Meals are uncertain, as is education. 

For those children who are fortunate enough to
live near a school or participate in a sponsorship project, it is likely that
the only food they get is at school because there is nothing to eat at home.

There are no jobs available, and
there is no money to relocate to where there are jobs.

The land is tired, drought-ridden, and crops
don't grow. AIDS is
killing off the adults and leaving an orphan crisis in its wake. Malaria
is both a constant threat and a daily reality.

It was against that backdrop of
despair that IN Network launched the Uganda Animal project five years ago at
the Buikwe School in the small fishing village of Kiyindi. 

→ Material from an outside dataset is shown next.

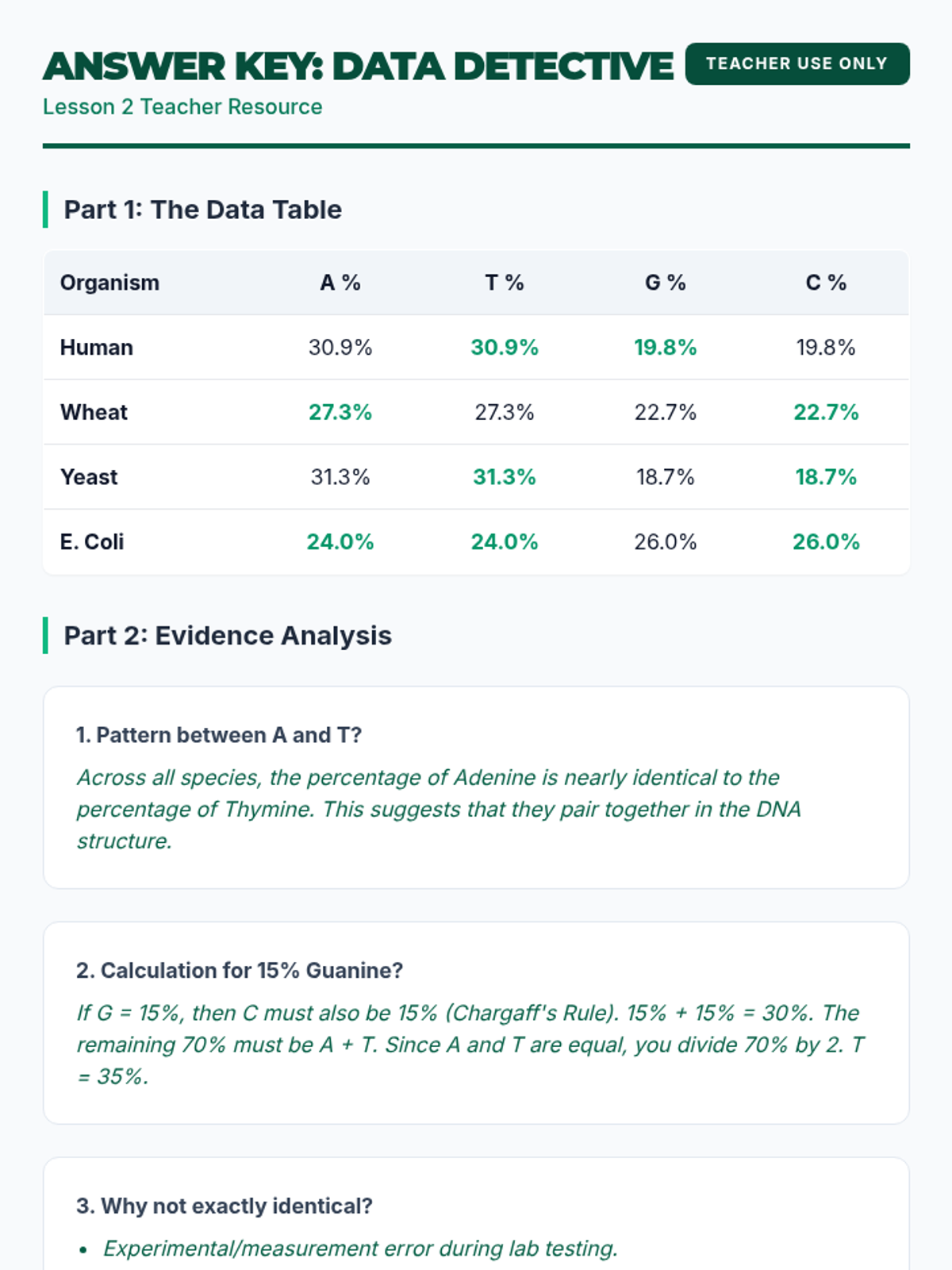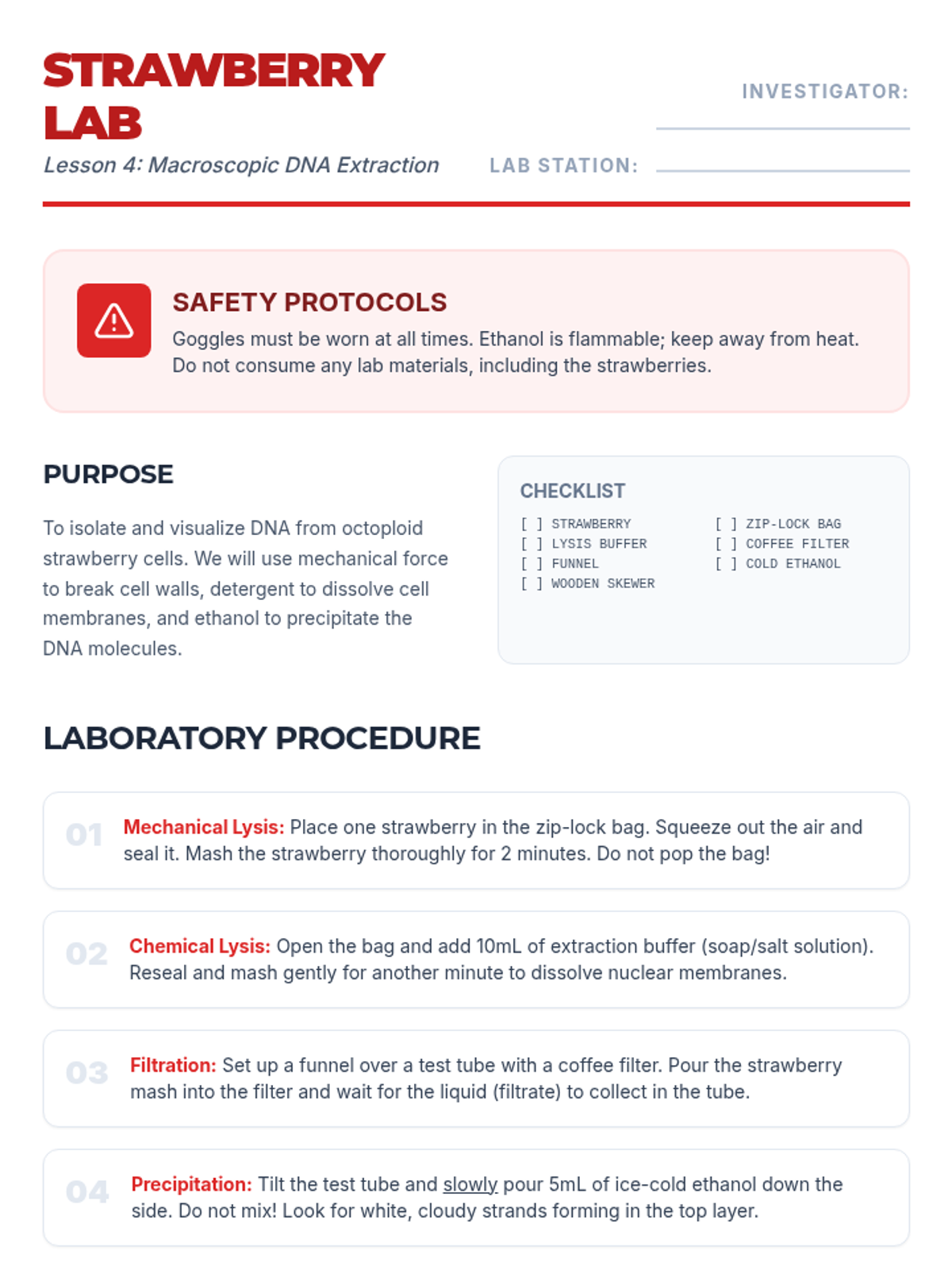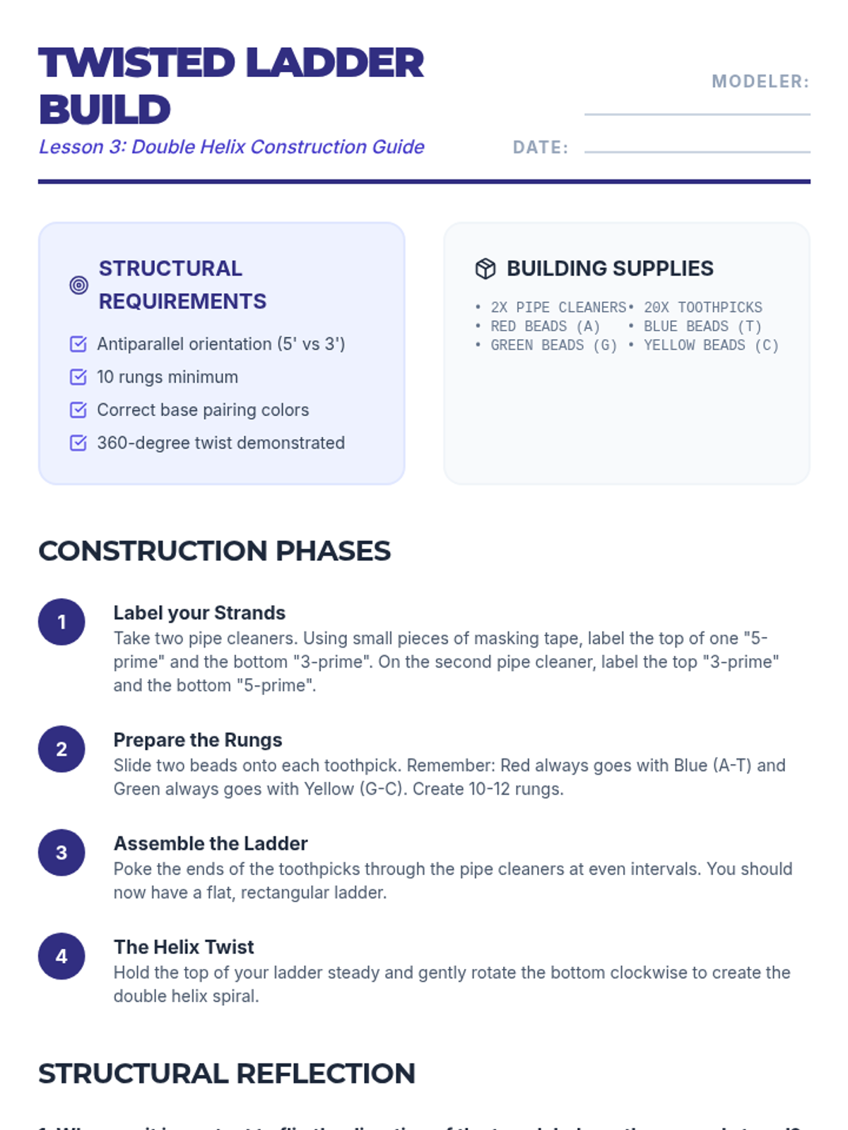 This 5-lesson sequence explores the molecular architecture of DNA. Students journey from identifying basic chemical building blocks to analyzing historical data and performing wet-lab extractions, culminating in a deep understanding of how the double helix structure enables genetic inheritance.

While sponsored children and
families have hope for the future, the Animal Project was another way to
further a sustainable impact for them.

Here's how it works: a family
undergoes a six-week training program and they prepare to be owners by planting
grass and building a small shelter. The animal is inoculated and dewormed to
make sure it will stay healthy.

Take, for example, a cow. When a family gets one, they use the milk to
feed the family and the manure to improve their crops. They can also sell the excess milk for income
to provide for their other needs. The first of the animal offspring is given
back to the Animal Project to help another family. Further offspring belongs to
the family to share or sell.

The Animal Project at Buikwe was
so successful at providing hope to families that International Needs is
expanding the project to help families at the Kiyindi school with a first
sustainable step out of poverty.

Through this project, the local
church is empowered with resources so that they can bring the Gospel alive in
their communities. Because of this
partnership, IN Network can disciple people in their relationship with Jesus Christ.

There's more here.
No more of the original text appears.